Tracey Emin: A Second Life at Tate Modern — The Retrospective That Changes Everything
Tracey Emin: A Second Life
I went to Tate Modern expecting to see Tracey Emin's greatest hits — you know, My Bed, the neons, the confessional videos that made her famous in the 1990s. What I found instead was something far more moving: a 40-year career arc that proves this artist has spent four decades asking the same questions about vulnerability, survival, and what it means to turn your life into art. And the answer she's arrived at now? It's more powerful than anything she made before.
Here's what you're walking into: The Eyal Ofer Galleries at Tate Modern, filled with 90 works spanning painting, video, textiles, neons, sculpture, and installation. The exhibition opens with her earliest pieces — tiny photographs of paintings she created and then destroyed in the 1980s during a difficult period — and moves through her most recent work, which is almost entirely painting. The journey between those two points is the exhibition.
What Makes This Show Different
Yes, My Bed is here (the Turner Prize-nominated work from 1998 that scandalized Britain and made Emin a household name). But this retrospective isn't a victory lap. It's something more honest: a portrait of an artist who has spent 40 years telling the same story — her story — over and over, each time with more skill, more nuance, more understanding of what she's actually saying.
The early work is raw and shocking. Videos where she talks about sexual assault and trauma. Photographs of her destroyed paintings. Neon signs that spell out confessions: "I Felt You and I Undressed You with My Eyes." This is the Tracey Emin most people know — the artist who refused to separate the personal from the public, who made her pain into art and dared you to look away.
But then you get to the paintings. Recent paintings. And they're gorgeous.
There's a series of large canvases where she's moved away from explicit confession into something more abstract, more painterly. The colors are rich — deep blues, warm golds, gestural marks that suggest emotion without spelling it out. "I Never Asked to Fall in Love — You Made Me Feel Like This" (2018) is a painting that could sit next to a Cy Twombly and hold its own. It's confident. It's mature. It's the work of someone who has spent decades mastering her medium and now knows exactly what she's doing.
The Emotional Architecture
What gets you in this exhibition is the progression. You start with raw trauma — literal destruction of her own work, videos of her at her most vulnerable — and you end with paintings that have transmuted all of that pain into something transcendent. It's not that the pain is gone. It's that she's learned to work with it, to channel it into color and form and gesture.

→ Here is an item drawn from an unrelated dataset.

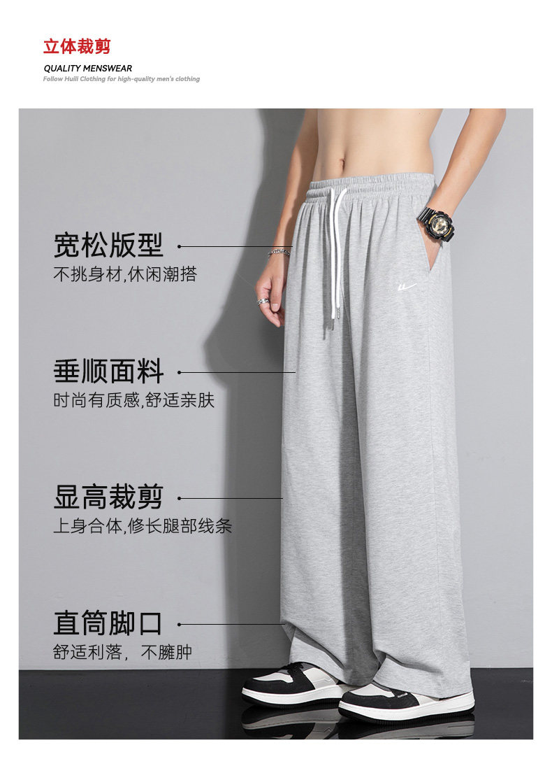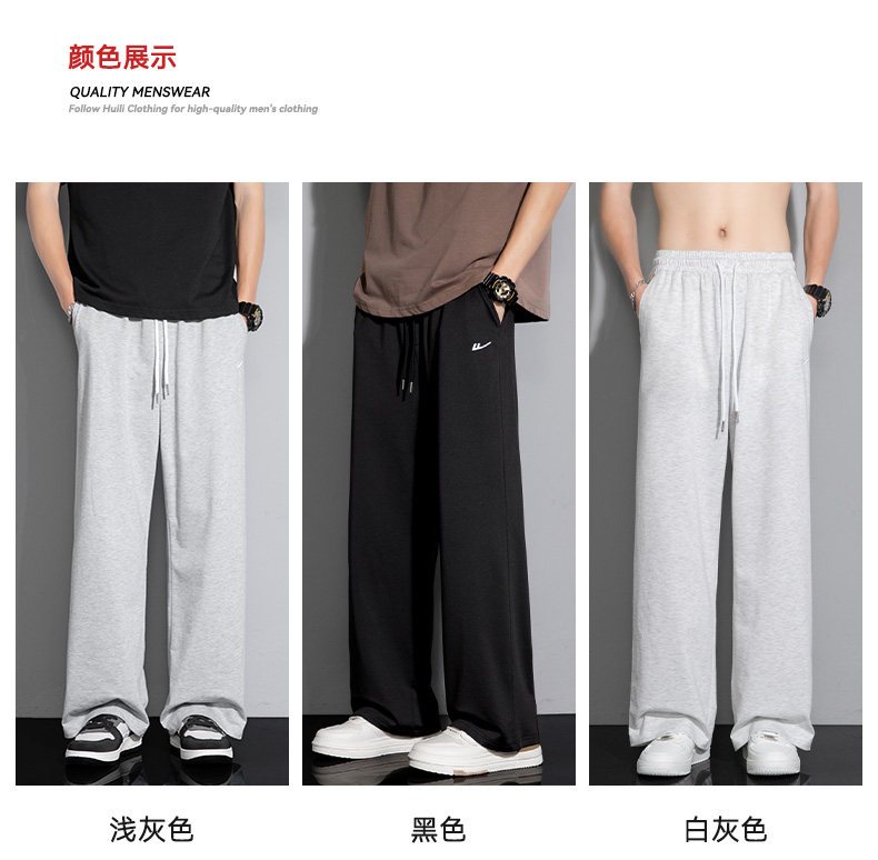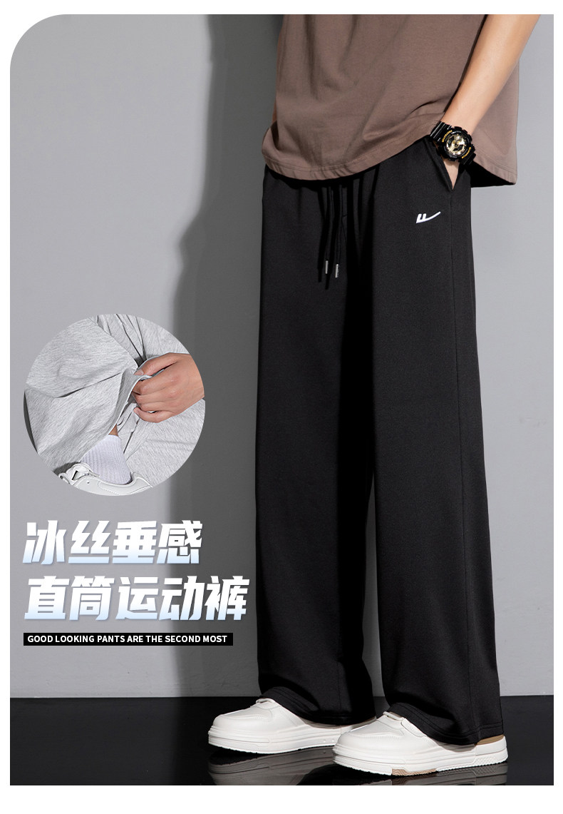 回力裤子男款夏季薄款冰丝长裤休闲裤男士直筒宽松卫裤阔腿运动裤

There's a video work from 1995 called "Why I Never Became A Dancer" where Emin recounts traumatic events from her teenage years in Margate. It's devastating. But when you see it in context of the entire retrospective — when you understand that she's been processing those same events for 30 years through different media, different approaches — it becomes something else. It becomes resilience. It becomes proof that you can take the worst things that happen to you and make something beautiful.
The neons are still here — those iconic text pieces that made her famous — but they feel different now. Less shocking, more poignant. "The End of Love" (2024) is a recent work, and it's achingly simple: just those four words in neon, glowing in the dark. By the time you reach it, after seeing 40 years of Emin's work, it hits different.
Who Should Go
If you've ever felt like your pain is too big or too messy to make into something meaningful, this exhibition is for you. If you've ever wondered whether vulnerability in art is a weakness or a strength, Emin answers that question across 90 works and 40 years. If you think contemporary art is too cold or too conceptual, this is proof that the most powerful art comes from the most honest place.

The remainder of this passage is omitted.